Und auch wenn FN jetzt mit 24 Abgeordneten ins Europäische Parlament einzieht, wo sie bisher nur drei Sitze hatte, dürfte ihr Einfluss dort sehr begrenzt sein, zumal völlig offen ist, ob die Partei nach dem Einbruch ihrer niederländischen Hauptverbündeten von der PVV überhaupt genügend Partner zur Bildung einer Fraktion findet. In Brüssel und Straßburg werden die Rechtsextremisten und Rechtspopulisten vor allem ihr Störpotenzial einsetzen.

Gravierender sind die Folgen der Kräfteverschiebung für die französische Innenpolitik. Darüber ist sich Marine Le Pen im Klaren und darum pokert sie mit der lautstarken Forderung an Präsident François Hollande, die Nationalversammlung aufzulösen und Neuwahlen anzusetzen - allerdings nicht, ohne zuvor ein neues proportionales Wahlrecht einzuführen, das »den Willen der Franzosen gerechter umsetzen würde«.

Marine Le Pen ist es tatsächlich gelungen, nicht nur die Politik der fast ausschließlich mit Sozialisten besetzten Regierung zu diskreditieren, sondern auch große Teile der enttäuschten ehemaligen PS-Stammwähler und der durch die Globalisierung und Liberalisierung verunsicherten Franzosen auf ihre Seite zu ziehen.
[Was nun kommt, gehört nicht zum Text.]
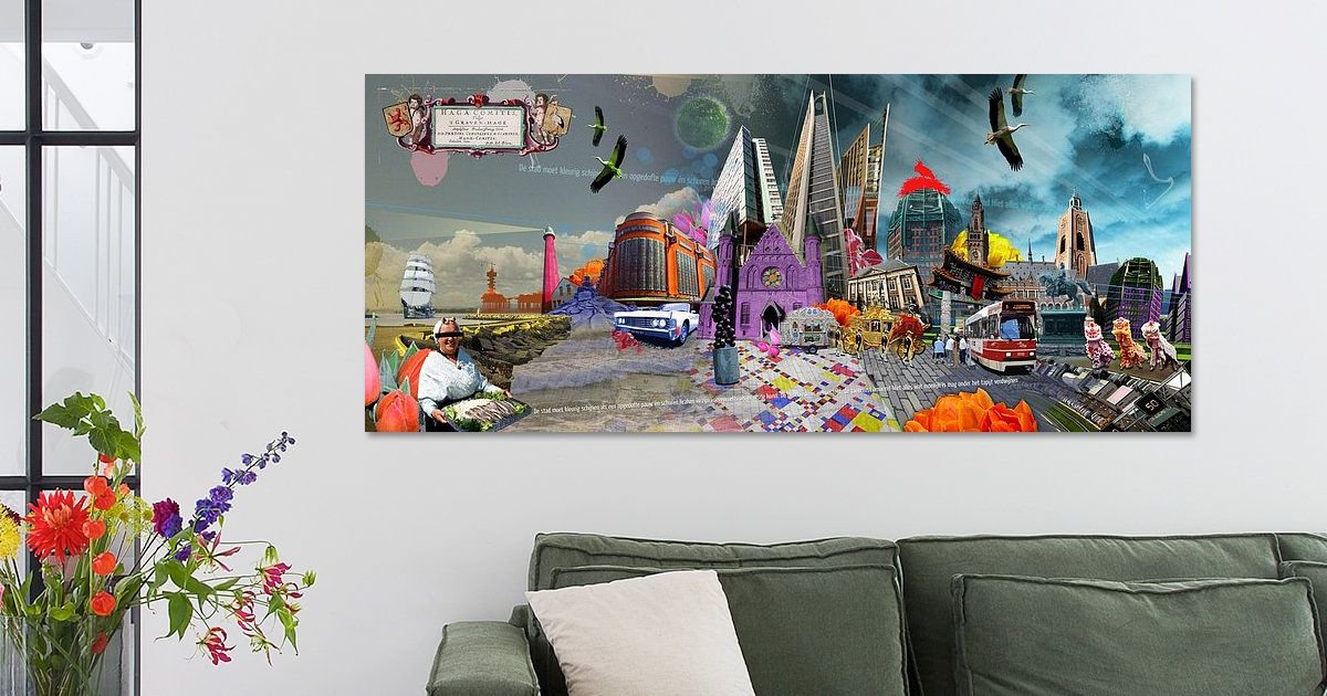 Aha Collective / Herman van Belkom heeft een passie voor fotograferen, verzamelen van grafiek, stempels, structuren etc. Herman maakt na het ervaren van een stad, evenement etc. een nieuwe skyline en zet deze om in prachtige collages op groot formaat.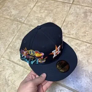 The product is a New Era Houston Astros 2017 World Series Champions Groovy Patch Blue UV 7 3/8 cap or hat. This officially licensed item commemorates the Houston Astros' victory in the World Series, making it a must-have for any baseball fan. The blue color and unique groovy patch design show off team pride and style while the 7 3/8 size ensures a comfortable fit for fans of the Major League (MLB) sport. Perfect for showcasing support for the Houston Astros and celebrating their championship win.

So stimmten am vergangenen Sonntag 43 Prozent der Arbeiter für FN, nur acht Prozent für die Sozialisten, bei den Angestellten waren es 38 Prozent gegen 16 und von den Arbeitslosen entschieden sich 37 Prozent für FN und nur 14 Prozent für die PS.

Das Wahlergebnis war für die Sozialisten das schlechteste seit der ersten Europawahl 1974. Selbst wenn man zu den knapp 14 Prozent für die PS noch die kaum 9 Prozent für die Grünen, die 6,33 Prozent für die Linksfront, die 1,6 Prozent für die extreme Linke und die 3,2 Prozent für weitere linke Listen hinzuzählt, ergibt dieser »Linksblock« - rein theoretisch, weil die Parteien in der Praxis nicht zusammenarbeiten - nur 34 Prozent der Wählerstimmen. Eine schwache Basis für eine »linke« Regierung.

Präsident Hollande hat am Montagabend in einer Fernsehansprache das Wahlergebnis als »schmerzhaft« bezeichnet und es als »Ausdruck des Misstrauens gegenüber Europa, der Regierung und der Politik überhaupt« charakterisiert. Doch er bekräftigte, dass er von seinem Kurs nicht abweichen will, der vor allem auf den Abbau der Arbeitslosigkeit, die Verbesserung der Kaufkraft und auf mehr soziale Gerechtigkeit ziele. Er wolle »Frankreich reformieren und Europa umorientieren in Richtung auf mehr Wirtschaftswachstum, Beschäftigung und Investitionen«. Europa sei für die Menschen »fern und unverständlich«, räumte Hollande ein und urteilte, dass »die drastische Spar- und Maßhaltepolitik letztlich die Völker entmutigt«.

Der Abgeordnete Christian Paul vom linken PS-Flügel bezeichnete die Äußerungen des Präsidenten als »schwach und enttäuschend«. Man habe Hollande »rechtzeitig gewarnt, nicht auf diesem Kurs zu bleiben, weil er unweigerlich gegen die Wand führt«. Die Wirtschaftszeitung »Les Echos« kommentierte: »Frankreich geht geschwächt aus dieser Wahl hervor, denn die Wähler haben zwar für eine Änderung der Politik Europas gestimmt, aber gleichzeitig hat dieses Votum Frankreich unfähig gemacht, eine solche Änderung seinen Partnern gegenüber durchzusetzen.«

Neues Wasser auf die Mühlen der FN-Kritik an den etablierten Parteien liefert eine Finanzaffäre der konservativen Oppositionspartei UMP, die Parteichef Jean-François Copé am Dienstag zum Rücktritt zwang: Das PR-Unternehmen Bygmalion, das Copé nahe steht, hat im Präsidentschaftswahlkampf 2012 durch »falsche Rechnungen« die um elf Millionen Euro überhöhten Ausgaben des UMP-Kandidaten Nicolas Sarkozy kaschiert. Die UMP steckt in einer tiefen Krise und Präsident Hollande ist höchst unbeliebt - was, wenn Marine Le Pen die Präsidentschaftswahlen 2017 gewinnt?